И этот поиск не кончился, упражнения продолжились, на сей раз в Нью-Йорке. Она медленно шла по этому страдающему электрическим неврозом городу, она была слишком мала, очень мала, медлительна, слишком любопытна, внимательна, она слишком пристально разглядывала людей, нарываясь на истории, она не соблюдала закона джунглей: не задерживаться, не рассматривать других животных, главное, не смотреть им в глаза. На этом отрезке Шестой авеню она самая маленькая. И она там исчезла.

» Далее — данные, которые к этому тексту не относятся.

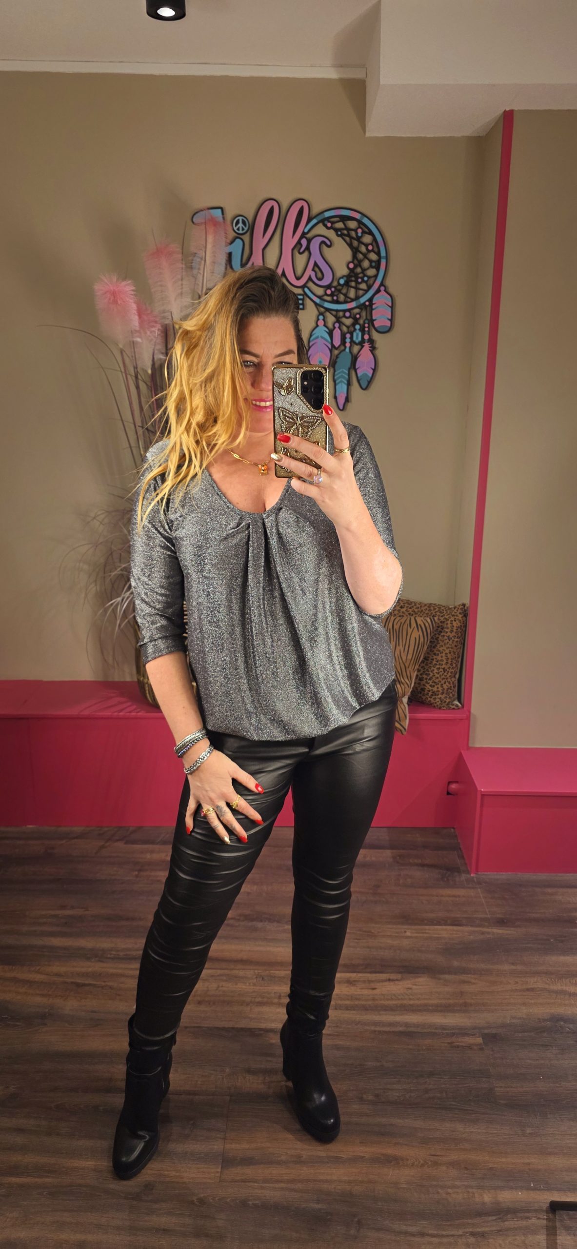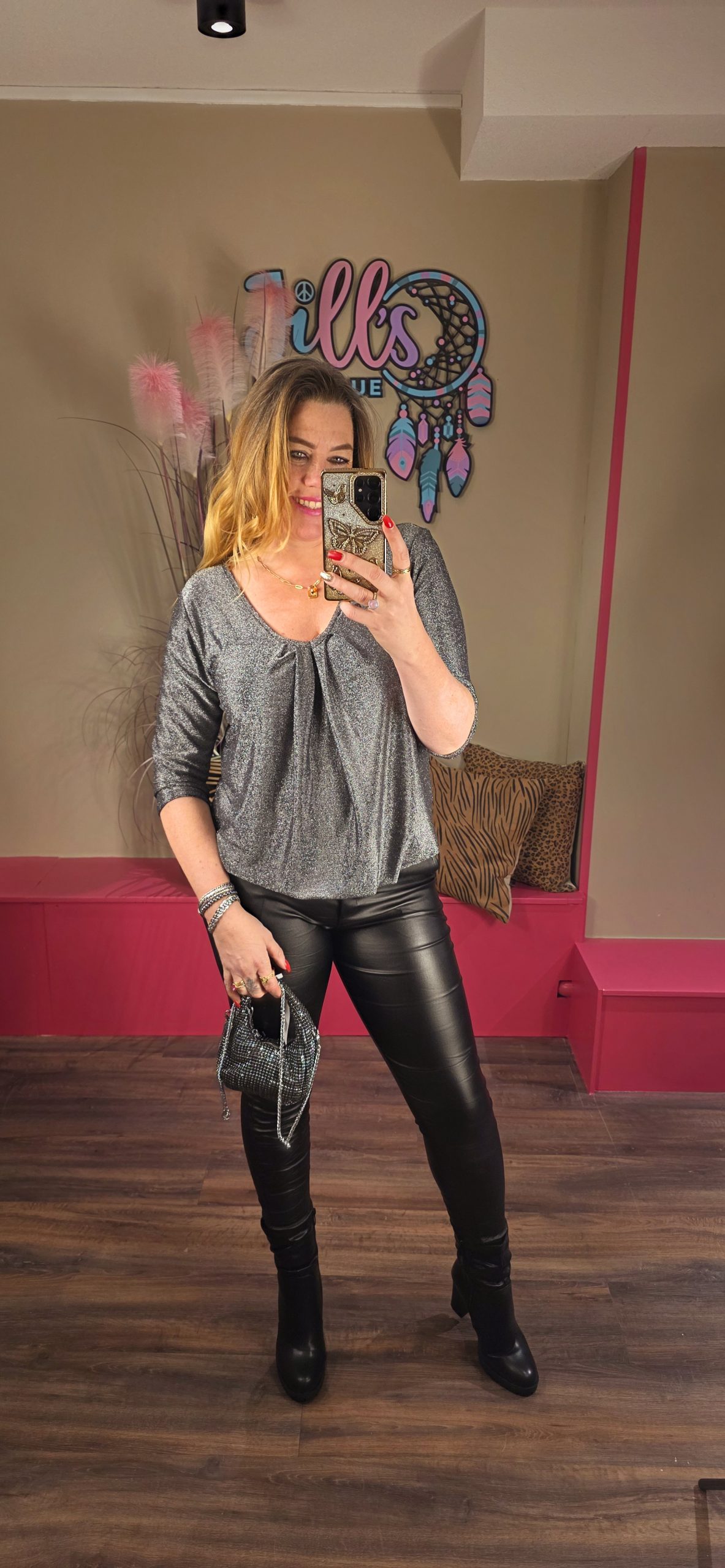 Super fijne travel ballon top, de top heeft een elatische boord onderin waardoor de top blousend valt en dus buikverhullend is.

И случилось это еще так быстро из-за ее шляпы: это мягкий бархатный желто-коричневый колпак с достаточно высокой тульей и хлопчатобумажными вставками, купленный едва ли за двадцать долларов на домашней распродаже на Кэнел-стрит, этакий привет неграм из «Бродвей мелоди», «Минстрелам» и «Коттон клубу».
На тонкую полотняную рубашку с цветными квадратами от Йоши Йамамото она надела военную куртку хаки из вареной шерсти. Грубые ботинки: каблуки высокова-ты – не побежишь, да и семенить в них не получается.
Из большого накладного кармана выглядывают совершенно мятые страницы партитур: это старые ксероксы, так удобнее работать и быстрее. Пятна от кофе, крема, дождя смазали ноту то там, то тут. На одной из страниц, на обороте, в правом углу, написанные от руки шесть букв: П. Рабен. Знак бывших музыкальных заговорщиков.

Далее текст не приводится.